**DIRECTIONS FOR THIS TASK**. The entries below contain pictures. Write out only the lines from the line with "Хлопковая ткань по" up to and including the line with "Rainbow Tree of", exactly, without them.

**DATA SUPPLIED**.
☆ ☆ ☆ ☆
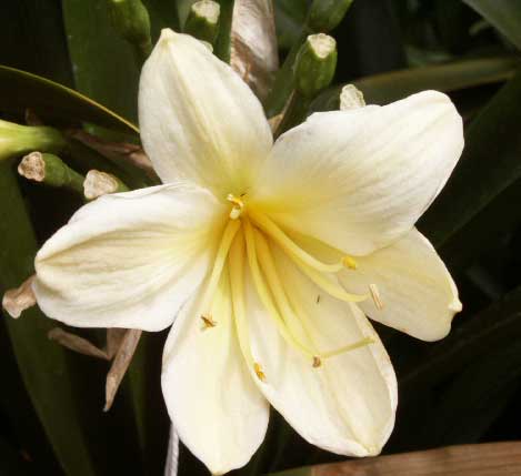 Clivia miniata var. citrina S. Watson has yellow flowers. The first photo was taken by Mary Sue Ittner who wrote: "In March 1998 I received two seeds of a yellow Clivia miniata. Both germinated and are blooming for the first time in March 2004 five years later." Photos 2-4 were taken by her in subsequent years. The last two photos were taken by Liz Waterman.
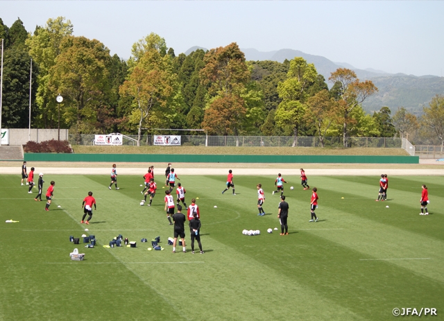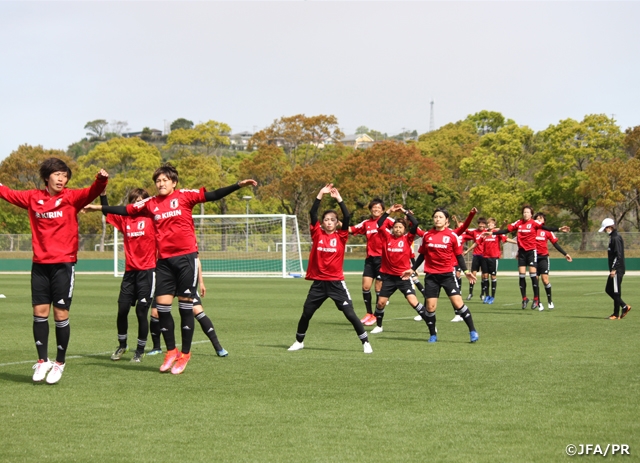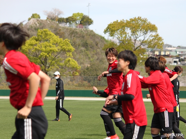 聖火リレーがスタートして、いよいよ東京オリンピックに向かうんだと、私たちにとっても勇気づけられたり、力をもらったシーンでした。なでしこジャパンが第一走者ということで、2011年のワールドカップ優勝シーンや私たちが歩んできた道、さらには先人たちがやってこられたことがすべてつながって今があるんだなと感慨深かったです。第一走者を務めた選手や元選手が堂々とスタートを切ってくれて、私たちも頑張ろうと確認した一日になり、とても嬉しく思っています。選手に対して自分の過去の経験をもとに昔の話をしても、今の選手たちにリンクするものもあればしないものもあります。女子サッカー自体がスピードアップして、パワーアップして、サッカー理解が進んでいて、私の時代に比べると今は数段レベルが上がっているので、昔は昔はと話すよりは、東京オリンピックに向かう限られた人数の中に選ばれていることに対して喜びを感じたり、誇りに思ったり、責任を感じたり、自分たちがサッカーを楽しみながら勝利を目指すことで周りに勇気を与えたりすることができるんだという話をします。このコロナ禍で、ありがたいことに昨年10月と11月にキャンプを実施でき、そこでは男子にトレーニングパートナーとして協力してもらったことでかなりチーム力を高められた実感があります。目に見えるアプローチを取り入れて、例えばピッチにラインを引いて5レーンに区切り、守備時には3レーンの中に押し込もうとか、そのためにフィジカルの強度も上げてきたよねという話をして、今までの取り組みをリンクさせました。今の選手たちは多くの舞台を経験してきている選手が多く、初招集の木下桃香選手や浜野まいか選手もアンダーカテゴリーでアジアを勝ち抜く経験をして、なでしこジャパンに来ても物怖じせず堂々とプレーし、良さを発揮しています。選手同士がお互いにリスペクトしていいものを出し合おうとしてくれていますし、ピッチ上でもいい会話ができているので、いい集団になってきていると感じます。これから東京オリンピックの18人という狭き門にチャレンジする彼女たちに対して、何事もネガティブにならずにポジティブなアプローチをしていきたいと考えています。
☆ ☆ ☆ ☆
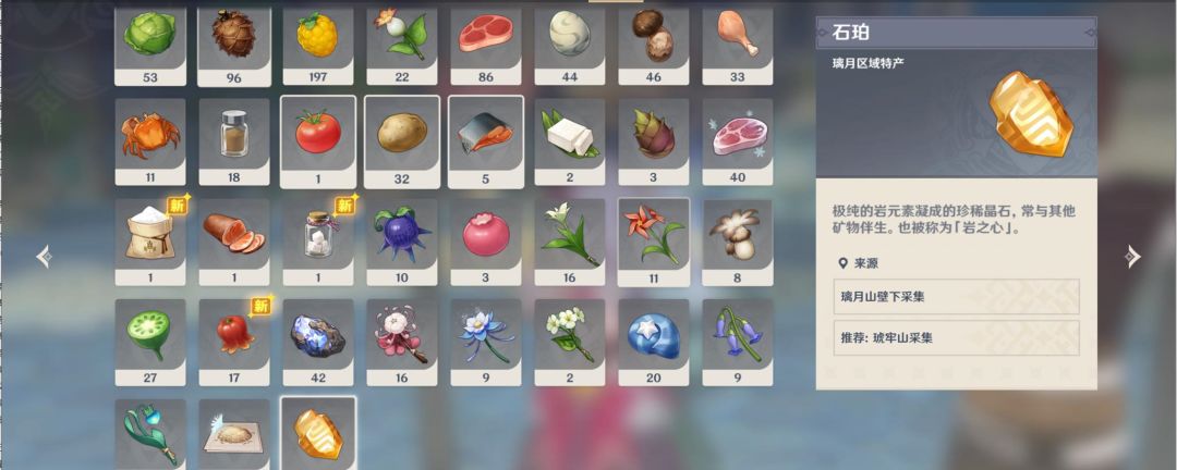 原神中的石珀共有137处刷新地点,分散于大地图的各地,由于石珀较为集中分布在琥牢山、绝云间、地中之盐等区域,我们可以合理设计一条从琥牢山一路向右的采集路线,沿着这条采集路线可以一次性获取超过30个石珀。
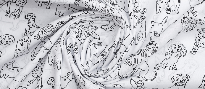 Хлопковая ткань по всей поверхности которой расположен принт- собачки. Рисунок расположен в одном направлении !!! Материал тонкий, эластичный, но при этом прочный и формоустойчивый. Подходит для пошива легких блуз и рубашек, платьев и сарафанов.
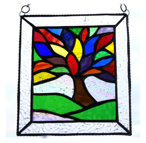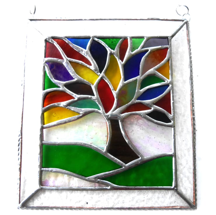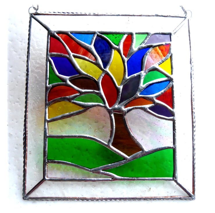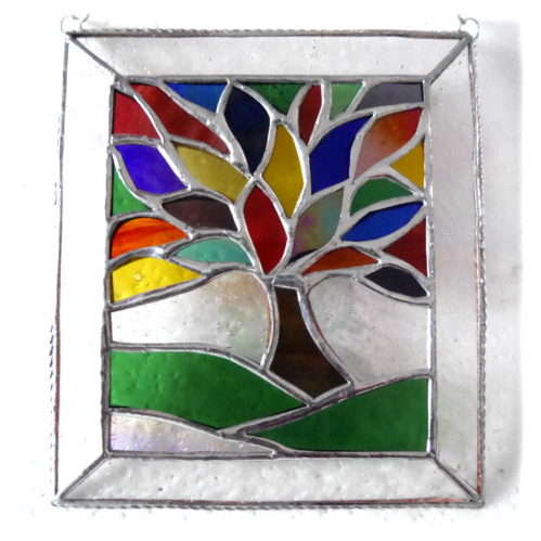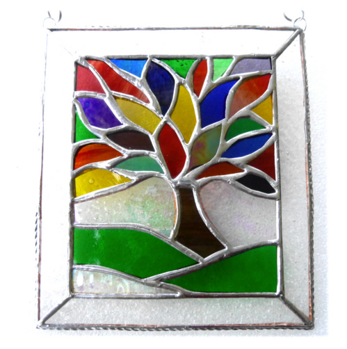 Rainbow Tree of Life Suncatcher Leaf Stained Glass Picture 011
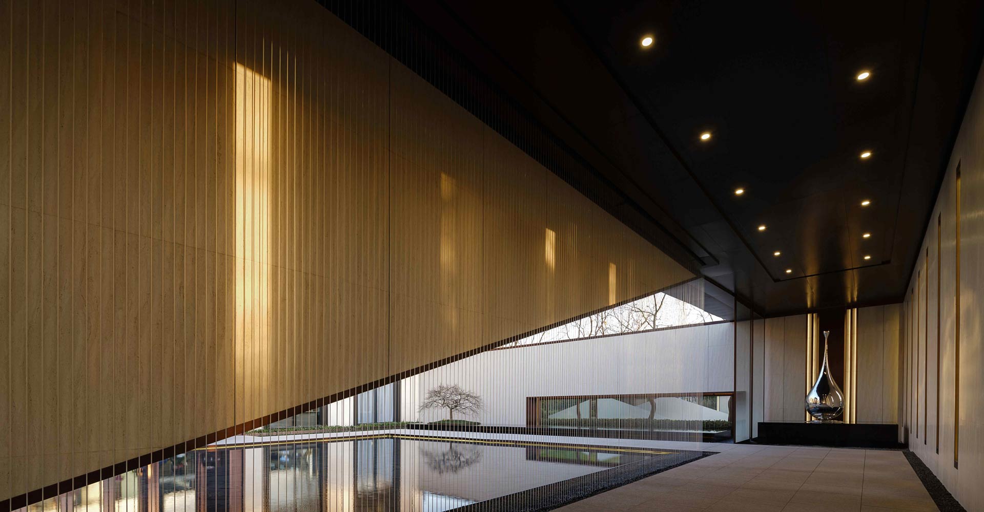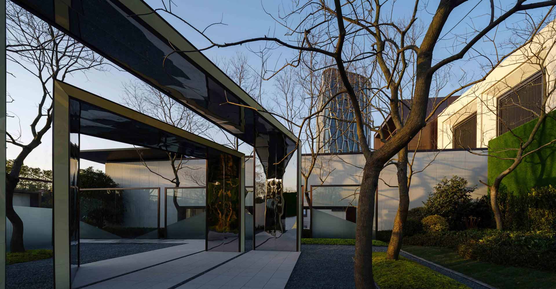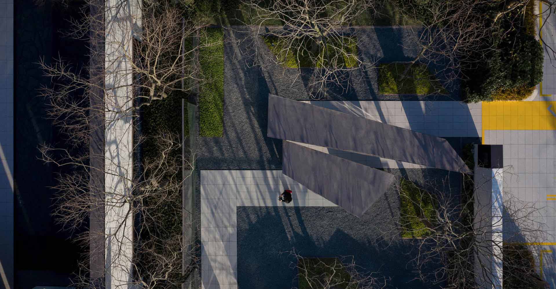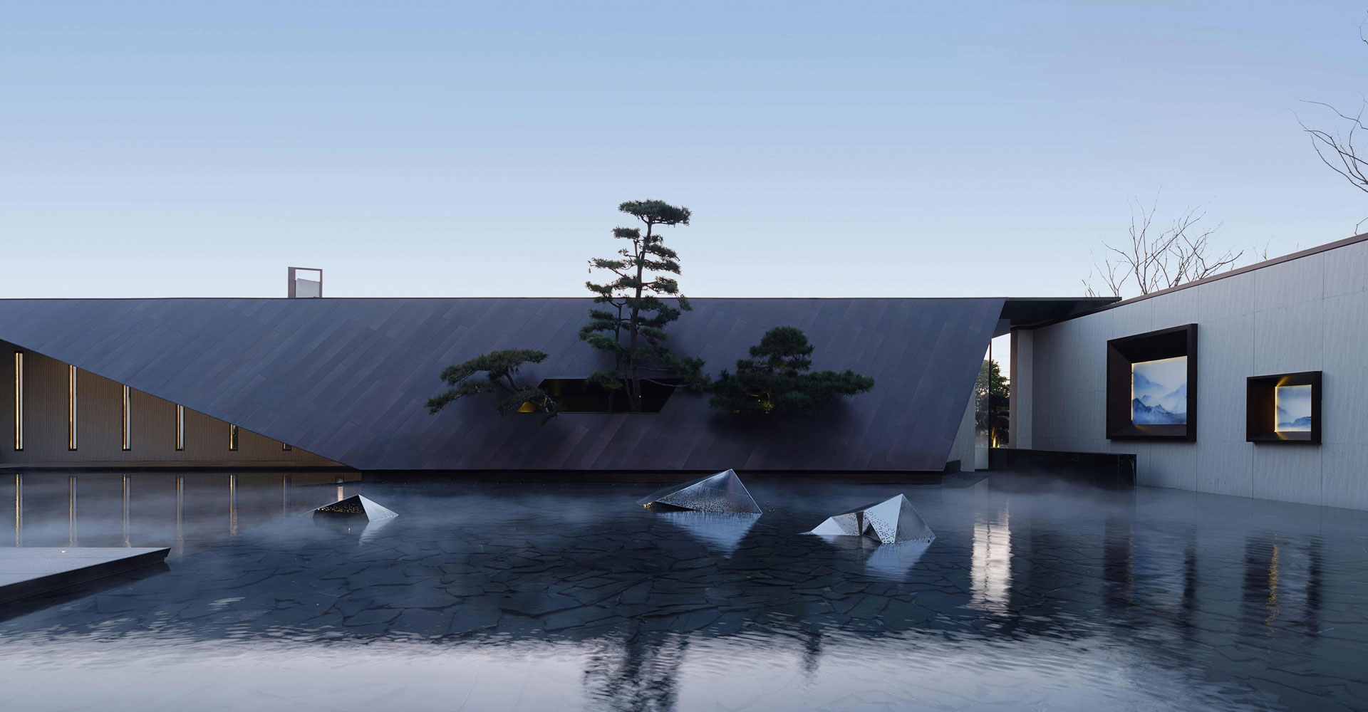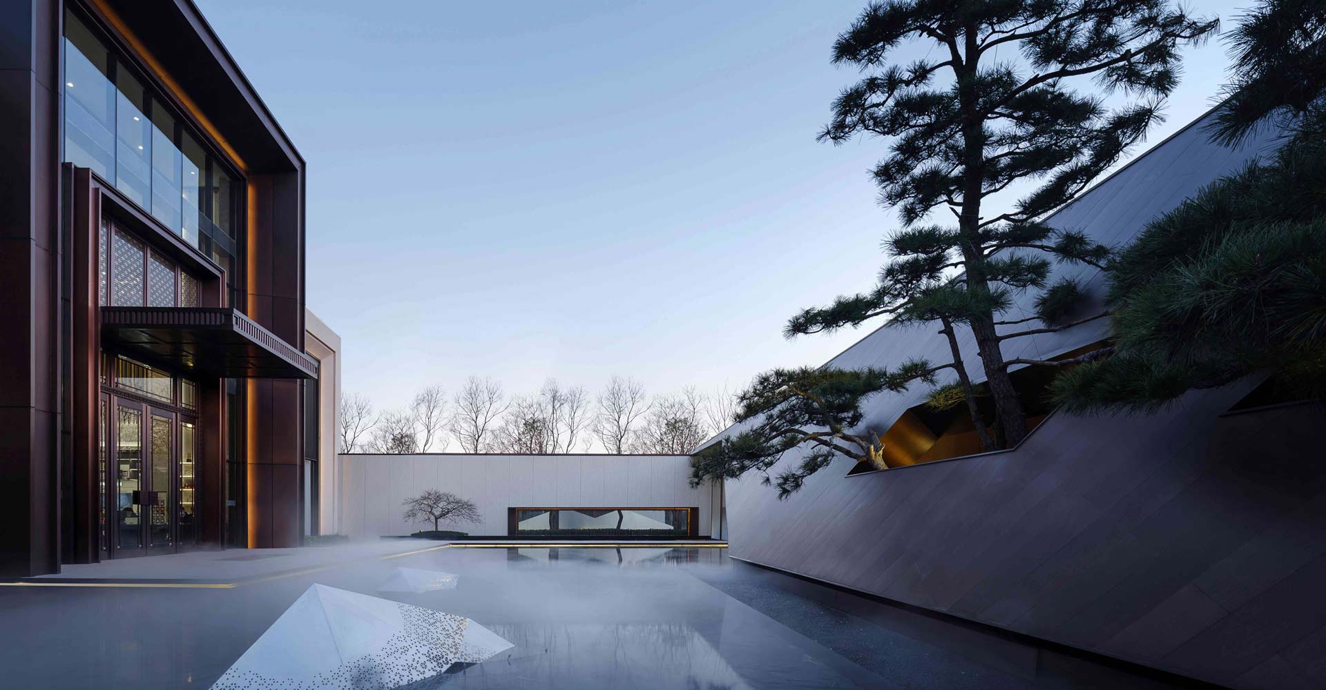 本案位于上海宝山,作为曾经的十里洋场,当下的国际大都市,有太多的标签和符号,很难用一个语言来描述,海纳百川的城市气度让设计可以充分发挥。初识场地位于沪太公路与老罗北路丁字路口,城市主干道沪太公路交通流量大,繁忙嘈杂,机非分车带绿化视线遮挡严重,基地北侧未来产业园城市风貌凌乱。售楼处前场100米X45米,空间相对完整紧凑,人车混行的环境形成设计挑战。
☆ ☆ ☆ ☆
**RESPONSE BELOW**.
 Хлопковая ткань по всей поверхности которой расположен принт- собачки. Рисунок расположен в одном направлении !!! Материал тонкий, эластичный, но при этом прочный и формоустойчивый. Подходит для пошива легких блуз и рубашек, платьев и сарафанов.
 Rainbow Tree of Life Suncatcher Leaf Stained Glass Picture 011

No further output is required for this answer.